What you should do — Pictures in the listing below are skipped, while the lines from the "在副图上,这一信号通过不同颜" line through the "Альфа-Банк навязал комиссию" line are returned word for word.

Supplied material —
---

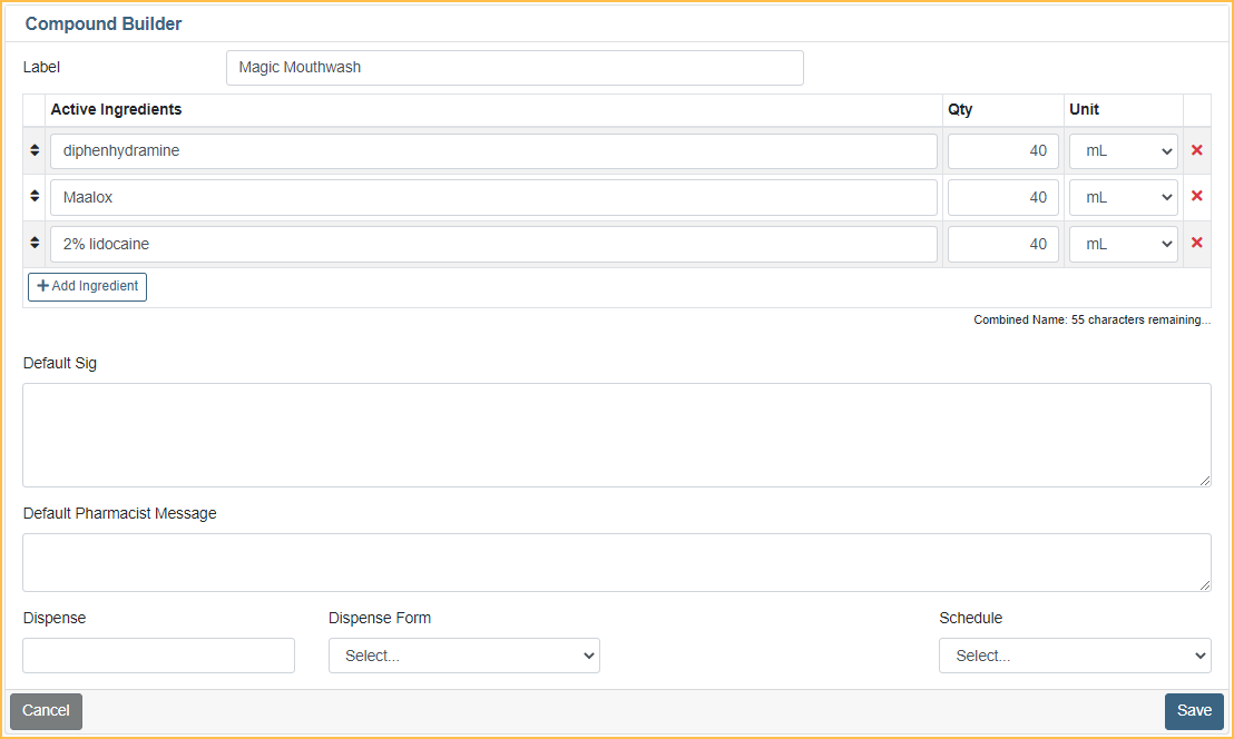 - Enter a name for the compound (e.g., Magic Mouthwash) in the Label box.
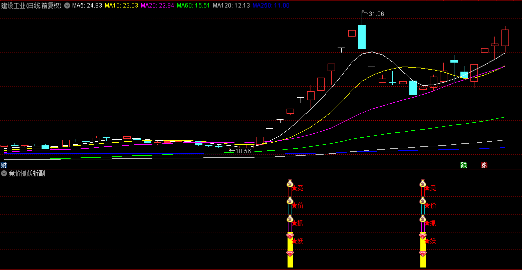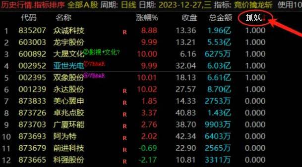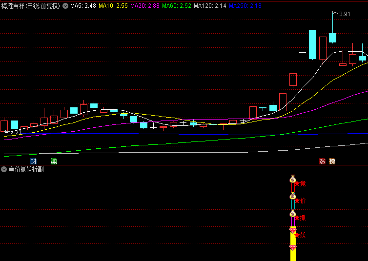 在副图上,这一信号通过不同颜色的柱状线和图标进行直观展示,如红色、洋红色、淡蓝色和黄色的柱状线,以及特定位置的图标和文字标注,使投资者能够一目了然地识别出符合“竞价抓妖斩”指标的股票。
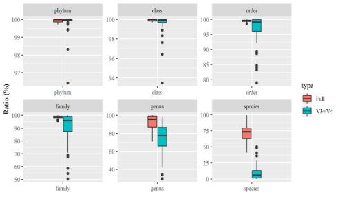 全長微生物多樣性最主要優(yōu)勢為種水平注釋率高,三代測序技術(shù)可以實(shí)現(xiàn)多多個高變區(qū)進(jìn)行測序,能夠更為準(zhǔn)確的還原群落結(jié)構(gòu)。
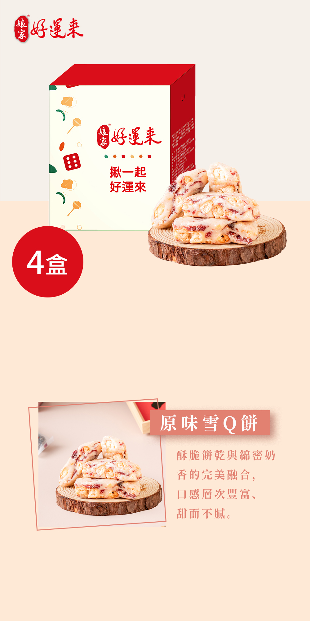 商品規格商品名稱:《娘家好運來》原味雪Q餅(100g/盒),共4盒規格:100g/盒,共4盒成份:麥芽糖、餅乾(小麥麵粉、砂糖、人造奶油〔棕櫚油、乳化劑脂肪酸甘油脂)、香料)、乳清粉 、葡萄糖、鹽、紅麴粉、膨脹劑(碳酸氫銨、碳酸氫鈉、偏亞硫酸氫鈉)、高級白巧克力鈕釦(完全氫化棕櫚仁油、蔗糖、脫脂奶粉、乳糖 、可可脂、大豆卵磷脂、乳化劑(脂肪酸甘油脂、脂肪酸蔗糖酯)、香莢蘭醛)、奶粉 蔓越莓、蛋白、奶油、食鹽、乳化劑(脂防酸甘油脂)保存期限:120天產地:台灣葷素標示:蛋奶素保存方式:常溫過敏原資訊:本產品含花生、芝麻、堅果類、蛋、乳製品、小麥、大豆等,不適合其過敏體質者食用建議食用方式:開封即食
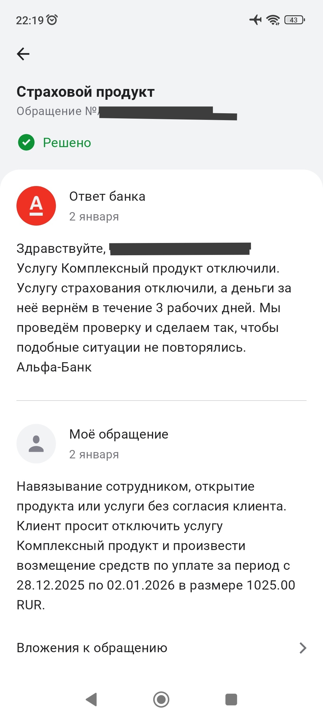 Альфа-Банк навязал комиссию за организацию страхования на кредитную карту
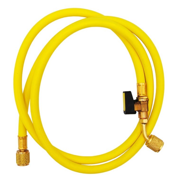 La manguera Tecnogas es la elección ideal para el trabajo profesional en sistemas de refrigeración y aire acondicionado, en particular para la conexión entre la bomba de vacío y la unidad de manómetros. Su color amarillo sigue la codificación estándar, indicando su uso para la línea central o de servicio.
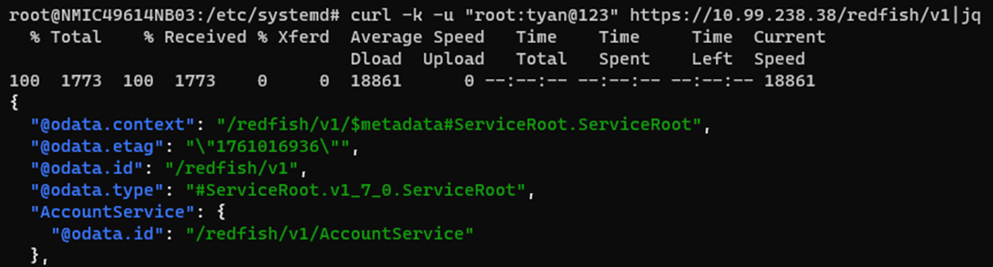 curl -k -u "root:tyan@123" https://{{IP}}/redfish/v1|jq
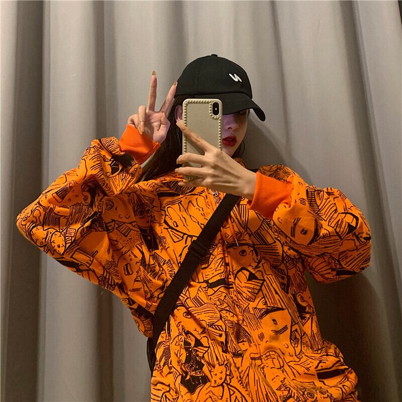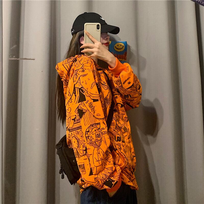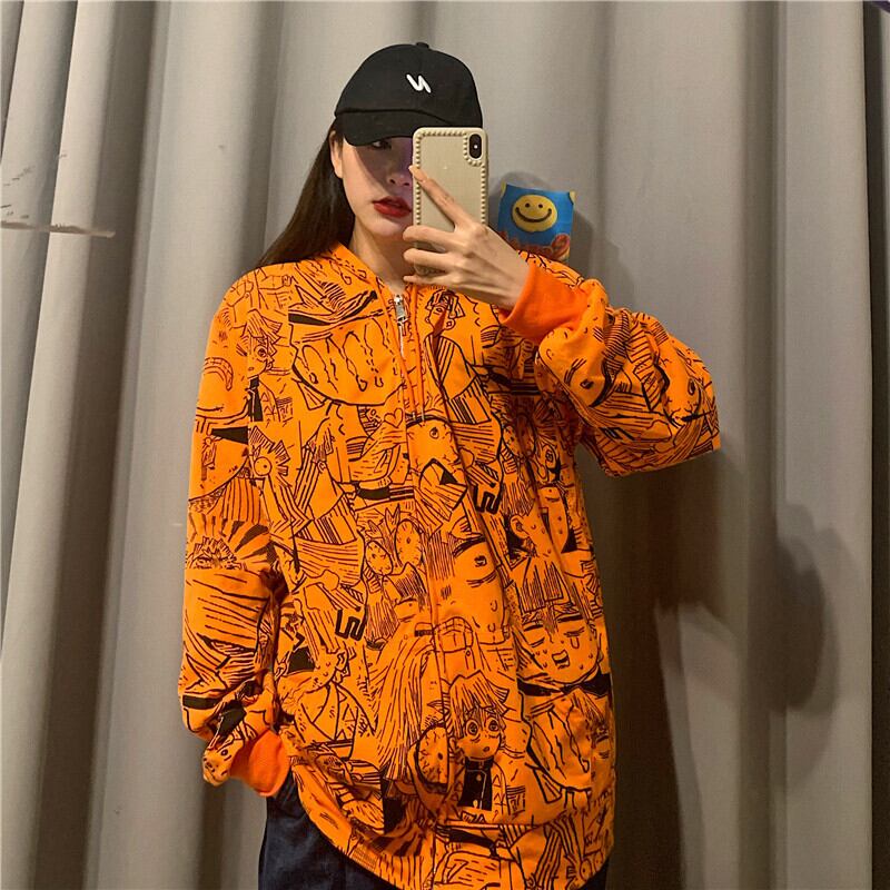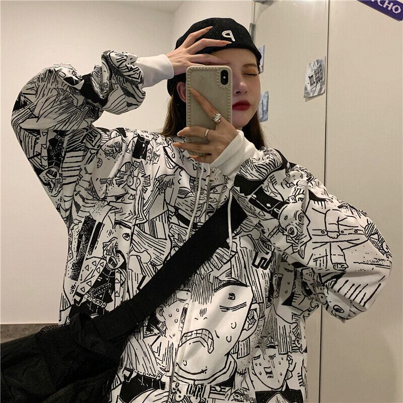 秋物ジャケット レディース韓国ファッショントレンドプリントセーター ルーズジッパーフードトップス ロング オータム スタイル 長袖 デーモン19907824966

---

Result —
 在副图上,这一信号通过不同颜色的柱状线和图标进行直观展示,如红色、洋红色、淡蓝色和黄色的柱状线,以及特定位置的图标和文字标注,使投资者能够一目了然地识别出符合“竞价抓妖斩”指标的股票。
 全長微生物多樣性最主要優(yōu)勢為種水平注釋率高,三代測序技術(shù)可以實(shí)現(xiàn)多多個高變區(qū)進(jìn)行測序,能夠更為準(zhǔn)確的還原群落結(jié)構(gòu)。
 商品規格商品名稱:《娘家好運來》原味雪Q餅(100g/盒),共4盒規格:100g/盒,共4盒成份:麥芽糖、餅乾(小麥麵粉、砂糖、人造奶油〔棕櫚油、乳化劑脂肪酸甘油脂)、香料)、乳清粉 、葡萄糖、鹽、紅麴粉、膨脹劑(碳酸氫銨、碳酸氫鈉、偏亞硫酸氫鈉)、高級白巧克力鈕釦(完全氫化棕櫚仁油、蔗糖、脫脂奶粉、乳糖 、可可脂、大豆卵磷脂、乳化劑(脂肪酸甘油脂、脂肪酸蔗糖酯)、香莢蘭醛)、奶粉 蔓越莓、蛋白、奶油、食鹽、乳化劑(脂防酸甘油脂)保存期限:120天產地:台灣葷素標示:蛋奶素保存方式:常溫過敏原資訊:本產品含花生、芝麻、堅果類、蛋、乳製品、小麥、大豆等,不適合其過敏體質者食用建議食用方式:開封即食
 Альфа-Банк навязал комиссию за организацию страхования на кредитную карту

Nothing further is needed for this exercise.